Shoreline Arts Alliance Chief Executive Officer Eric Dillner shared some of the kudos he’s received on Bill’s behalf. Dr. Frederick Hockla is “...celebrating all those wonderful years, and most of all, the legacy [Bill will] leave. What, besides the schools, landed me here? Of course, it was The Mile.”

Other comments have been along similar lines. “The loss of your personal outreach is sad for us who well know [Bill’s] years of successful effort keeping The Mile alive…[Bill’s] years of devotion to The Mile and loyalty to preserving its future are within the focus of us who will keep the effort financially going.”

One couple, Bill said, “drove up to Connecticut just to see The Mile. They were visiting New York from Honolulu, Hawaii, but they made a special trip here just to see the sculptures.”

Imagining what it must be like to live over 90 years is difficult for anyone who hasn’t had the opportunity. Imagining the ultimate result of a cancer prognosis is even more impossible, but Bill’s legacy, along with his determination to devote every last drop of energy to the causes he cares for speak to his dignity.
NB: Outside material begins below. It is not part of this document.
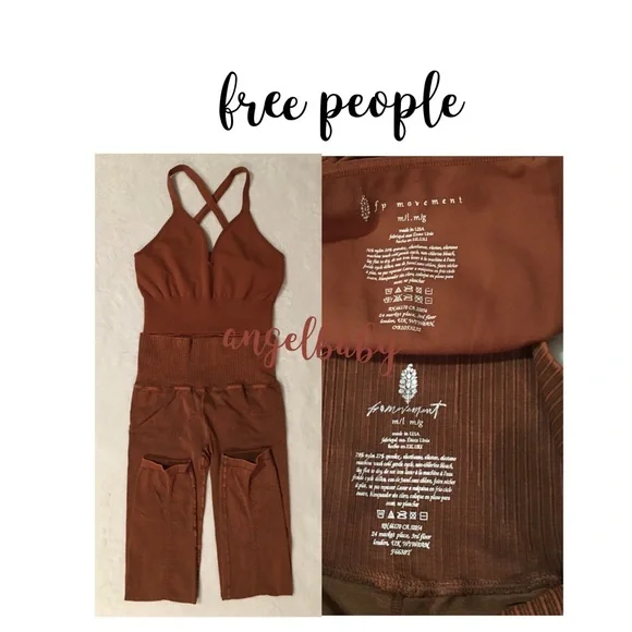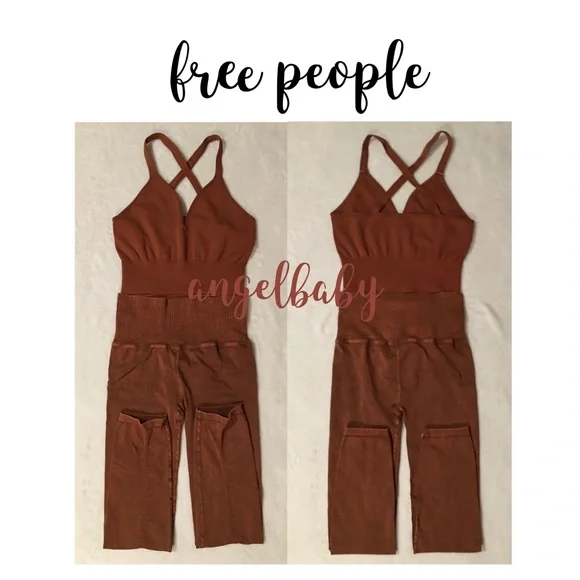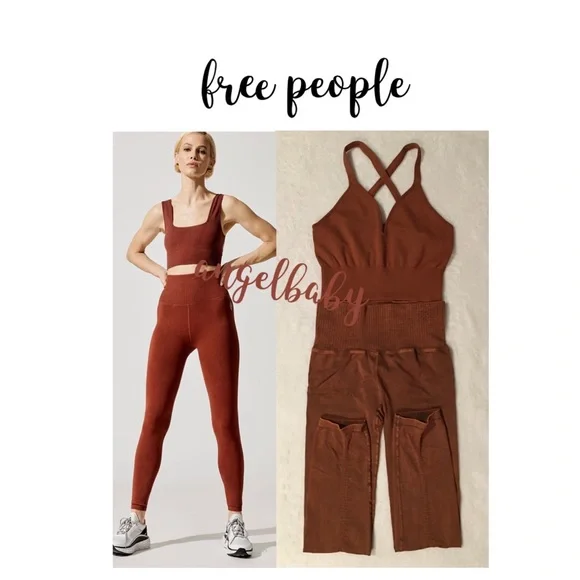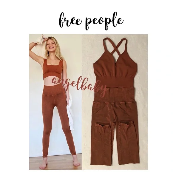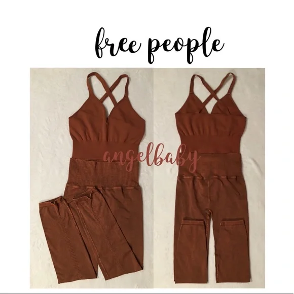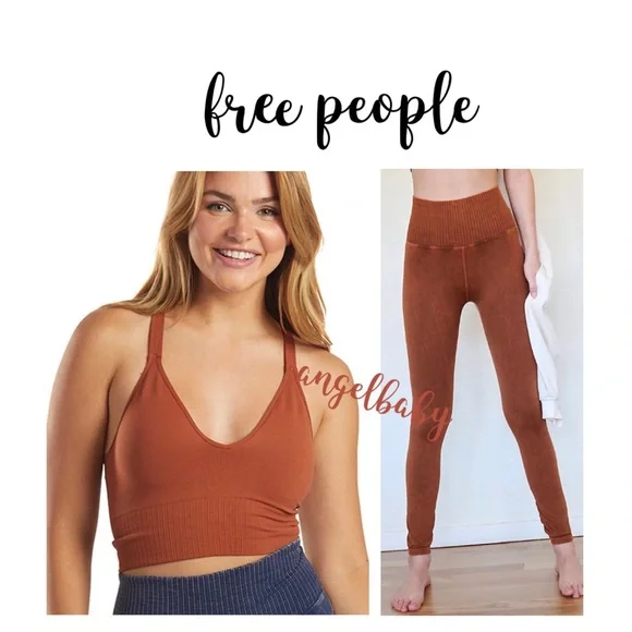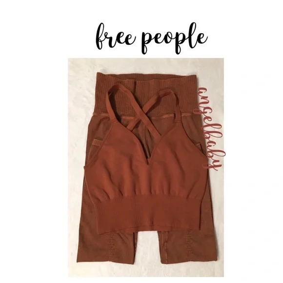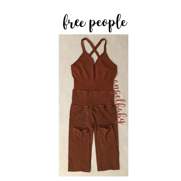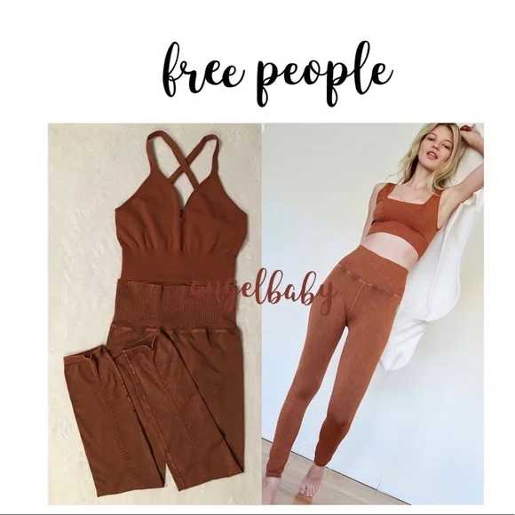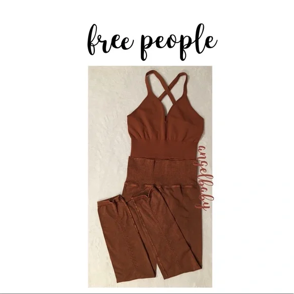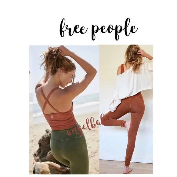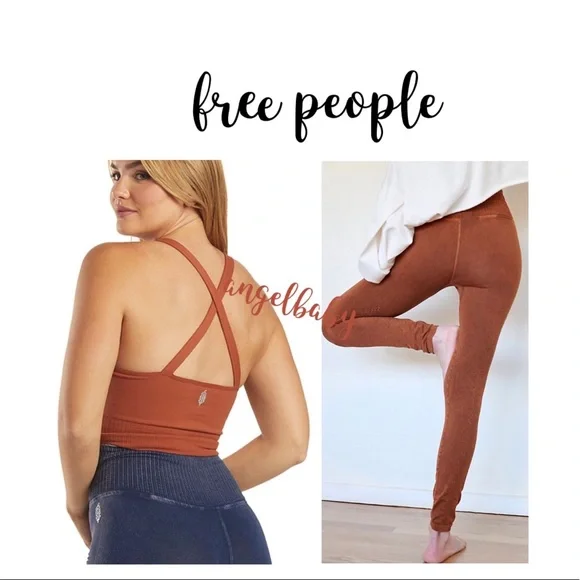 Free People Good Karma Shanti Leggings and Good Karma Crop Top.With a holds you in high rise super soft feel, these ultra flattering transition from brunch, bikram, and beyond. They have breathable pinhole detail for everyday wear and a no fuss fit. Perfect for keeping you comfortable while you move. Good Karma Crop Top an ultra flattering active crop with a plunging neckline and ribbed details to enhance the shape of your body. It has crisscross straps, entry level compression, longline silhouette, and it’s equipped with SPF 30 UV protection. Color is Toasted Cocunt and Argon Oil Size M/L 🔴No Logos🔴 fit sizes 6-10. Never worn! It doesn’t match perfectly but it looks great together!

“I’ll keep plugging [away] until St. Peter takes over and sends me to the reject pile,” Bill says. He’s approaching his prognosis with the humor one would expect of a true editor.

On Groundhog Day, his legacy will be honored at the gala, adding another accolade to a lifetime of achievements, including his Arts Outstanding Award from the New Haven Arts Council, which Bill received in 2002.

Bill has been a teacher, a writer, an editor, an artist, a musician, and more to many people over his nine decades thus far, and he’s not stopping until he has to. “After a quarter century, we’ve made Connecticut ‘the sculpture state.’ No other state rivals us in such extended support of serious outdoor public sculpture…” Bill wrote recently in a letter to friends, which he shared with The Source.

Bill has lived all over the world: Botswana, South Africa, Denmark, Great Britain, Greece, and Portugal. “I was happiest in Athens,” Bill says of the countries he’s lived in. He jokes about a picture of him standing before the Parthenon, “it’s a photo of two ancient, crumbling structures.”

Though he’s passing the torch for The Mile onto his successor and two-year tutee Brian Wendler, none can deny the impact his 25 years at the helm have had on Madison’s downtown spirit. None can deny Bill Bendig’s legacy on the shoreline communities, nor his devotion to the preservation and promotion of the arts over the course of his life.